Stärkung des subjektiven Sicherheitsgefühls
Objektiv ist der Bahnhof ein sicherer Ort; dies ist belegt durch die Kriminalstatistik - die Zahl der Straftaten ist im Vergleich zu andere öffentlichen Orten nicht überdurchschnittlich hoch und in den letzten Jahren auch nicht gestiegen. Um die Sicherheit weiterhin hoch zu halten und auch das subjektive Sicherheitsgefühl der Menschen zu stärken, wurden und werden in enger Zusammenarbeit mit Partnern wie der Bundespolizei, der Stadtpolizei und der Stadt Dornbirn laufend Maßnahmen gesetzt. Es gilt u.a. die Bestimmungen der Hausordnung und auch das in Kooperation mit der Stadt eingeführte Alkoholverbot durchzusetzen sowie gesetzliche Regeln einzuhalten und Verstöße dagegen zu ahnden. Diesem Zweck dienen auch gemeinsame Kontrollen von ÖBB und Polizei wie jene am vergangenen Freitag. Dabei haben Sicherheitsmitarbeiter der ÖBB die Polizei bei ihren Tätigkeiten unterstützt. Gleichzeitig wurden von den ÖBB Fahrscheinkontrollen durchgeführt.
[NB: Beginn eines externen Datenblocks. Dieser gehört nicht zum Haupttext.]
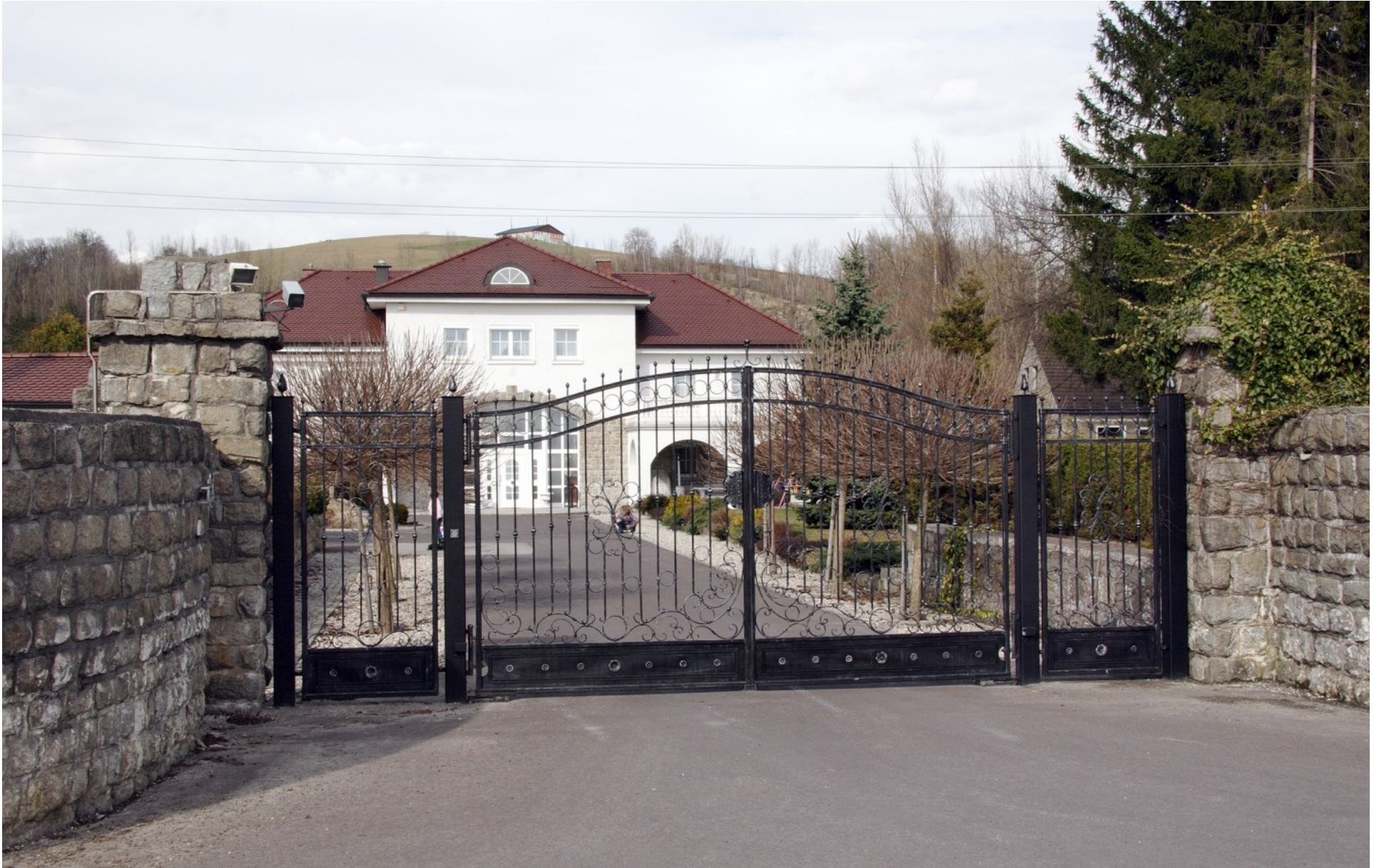
The former entrance to the camp with the entrance building (“Jourhaus”), now a private estate.

Bilanz des gemeinsamen Sicherheitsschwerpunktes
Die Polizei führte im Rahmen der gemeinsamen Schwerpunktaktion 64 Kontrollen durch und erstattete zwei Anzeigen. Seitens der ÖBB wurden bei den Fahrscheinkontrollen 14 Personen ohne gültiges Ticket angetroffen und müssen eine Fahrgeldnachforderung bezahlen. Den ganzen Tag über wurden insgesamt 34 Personen ohne gültiges Ticket im Zug angetroffen. Insgesamt waren acht Beamte der Bundespolizei, vier Dornbirner Stadtpolizisten und 16 Mitarbeiter der ÖBB an der gemeinsamen Aktion beteiligt. Bei diesen Kontrollen waren die Teams der ÖBB-Security erstmals in Vorarlberg mit drei Bodycams ausgestattet. Die Geräte werden in einem vierwöchigen Testbetrieb im Einsatz sein. Die Vollausrollung ist für den Spätsommer dieses Jahres geplant. Pilotversuche haben gezeigt, dass Bodycams eine präventive und deeskalierende Wirkung haben. Weitere Schwerpunktaktionen sind geplant.